Indices – 28th November 2010



First I want to take a look at the German DAX 30. As you can see here the German market had a nice rebound since the March ’09 lows. Moreover you can see that the Fibonacci Retracement levels were working pretty well. On the weekly chart below the next overhead resistance is around the 7200 level.



 


Compared to the Eurostoxx 50 the DAX shows some relative strength, especially since Europe’s solvency crisis. 




 

The next chart is showing the DAX in a shorter timeframe with a rising trend channel. At the moment the lower trendline is around 6000 points and the upper trendline is around 6950. Furthermore the RSI is showing a negative divergence because the price is rising while the RSI is declining. Usually such a divergence is indicating that a correction will occur.


Nevertheless I would not short such a strong index before he shows some weakness. For me the index first has to gap above the upper trendline which is shown in chart number three. And if that gap up is combined with a doij candlestick, then I am looking to short the DAX if the breakout could not hold support of the upper trendline. The other short possibility is if the trend since mid-October in chart number 4 breaks. To short the DAX is nowadays very dangerous. In my opinion the Eurostoxx 50 would be the better short candidate.



 


Now let’s take a look at the Eurostoxx 50.






During the last year the index is trading more or less sideways, but the next chart shows why the index could be a potential short candidate.



 
 

This chart shows that the index is forming a bearish wedge and if it breaks it could go down pretty fast. As you can see the RSI showed a few weeks ago a bearish divergence before the Eurostoxx 50 declined.
In the very short term the index formed a bullish hammer on Friday. This could be a great swing trade on the long side with a well defined stop in form of the rising trendline.
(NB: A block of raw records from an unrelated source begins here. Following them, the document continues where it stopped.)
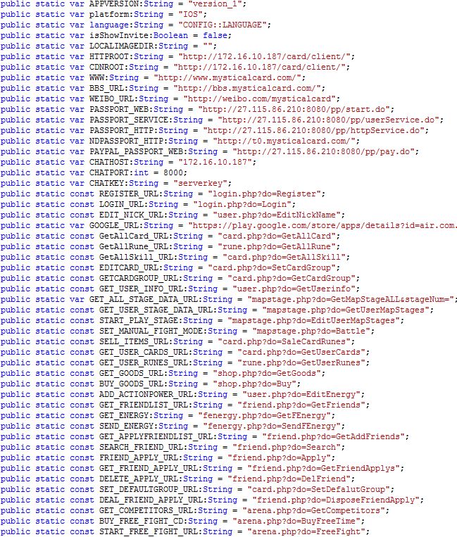所以,大胆猜测,大部分游戏逻辑是写在Adobe AIR层的。据百度百科,AIR是针对网络与桌面应用的结合所开发出来的技术,可以不必经由浏览器而对网络上的云端程式做控制,这样的优势,就是跨平台,主要的逻辑代码无论在Android上还是在IOS上,甚至在Windows Phone上都是一致的。在每个平台上,只要实现对应的系统API即可,这也是为什么,魔卡的账号体系在iOS上和Android上是统一的,不像某掌门游戏。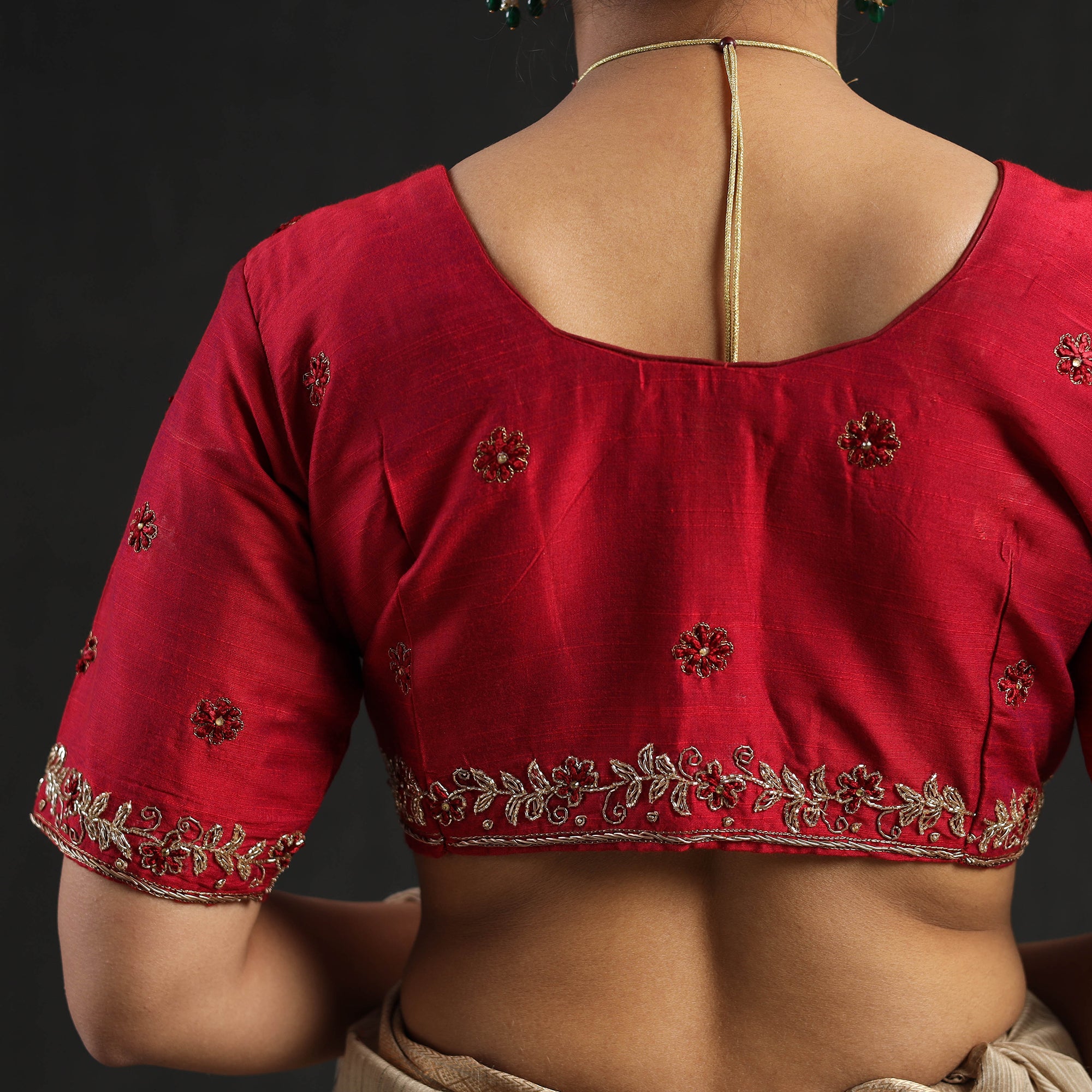 This red zardozi hand-embroidered slub silk plain blouse is meticulously hand-embroidered with elegant zardozi work. Blending modern comfort with traditional artistry, it offers a relaxed fit with half sleeves and a secure hook lock. This blouse seamlessly blends traditional craftsmanship, making it perfect for festive occasions or casual gatherings.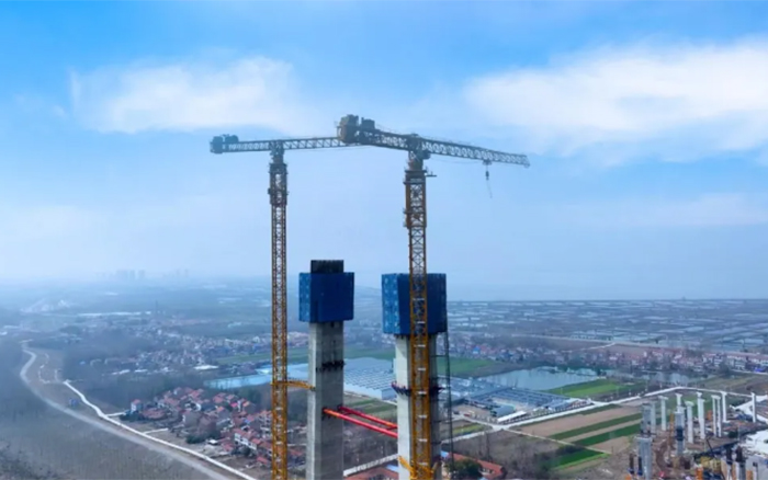 目前,大橋主塔建設(shè)高度已達(dá)144.5米,徐工XGT2230A-100S正助力主塔以平均每周6米的速度迅速“節(jié)節(jié)長高”,全力沖刺年中實現(xiàn)主塔封頂?shù)哪繕?biāo)。
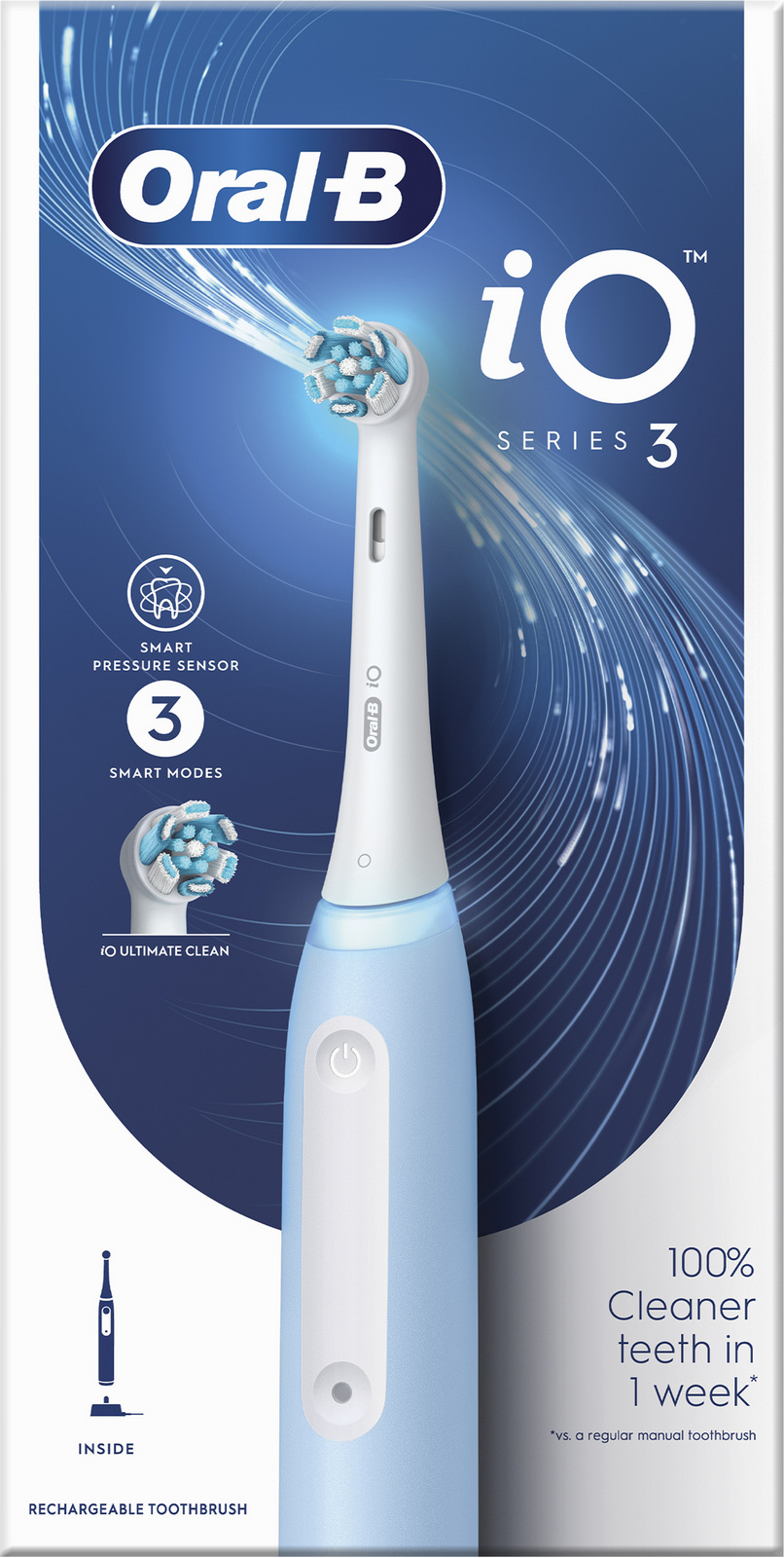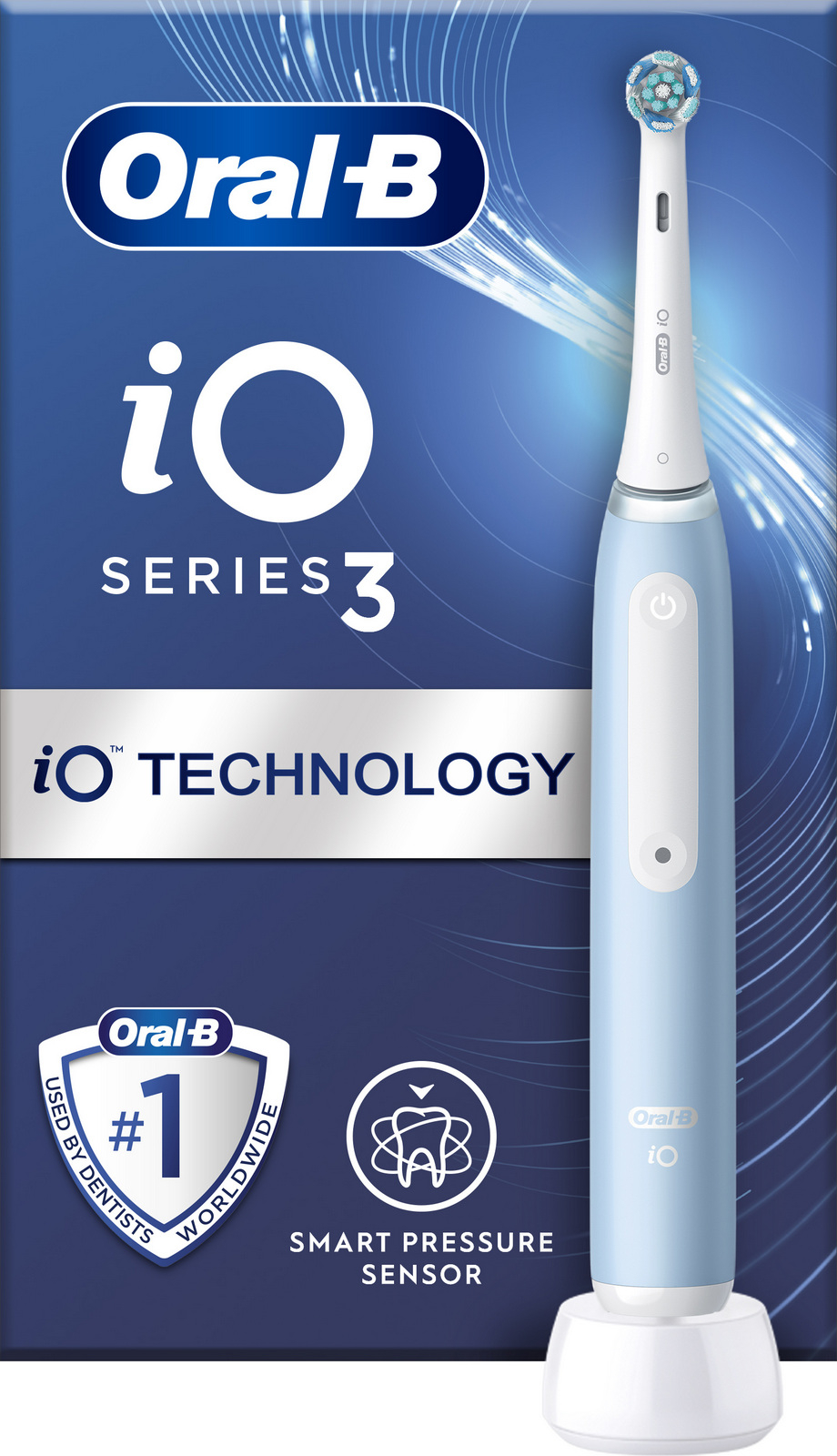 Elektrický zubní kartáček s moderní magnetickou technologií, jemnými mikrovibracemi a kulatou hlavicí, chrání dásně díky automatickému senzoru tlaku, který při příliš silném přítlaku zpomalí otáčky a rozsvítí červené světlo, 3 režimy čištění – jemný, šetrný a každodenní, 2minutov celý popisý časovač s upozorněním každých 30 sekund pro rovnoměrné čištění, tichý chod a jednoduchým ovládáním jedním tlačítkem, ergonomická rukojeť s protiskluzovým povrchem je vodotěsná a pohodlná na držení, výkonný akumulátorí s dlouhou výdrží a indikátorem nízkého nabití, součástí balení je jedna hlavice Oral-B iO, kompatibilní se všemi hlavicemi řady Oral-B iO včetně Ultimate Clean a Gentle Care, doporučená výměna hlavice je každé tři měsíce, barva modrá.

The US-indices are also at interesting levels. During the last week and a half the Dow Jones Industrial and the S&P 500 were trading in a very tight range. In the DJIA the levels to watch are around 11200 and 11000 and in the S&P 500 at 1200 and 1172. If one of these levels breaks the indices will move further down or up in the direction of the break.




 

The next support on the downside could be around 10700 in the DJIA and 1150 in the S&P. On the upside the old highs would be resistance.



So that’s it for today! Good luck and take care. 




A quick reminder:
Everything posted at this blog is for educational purposes only and should never be conceived as recommendation for buying and selling anything. You must do your own research.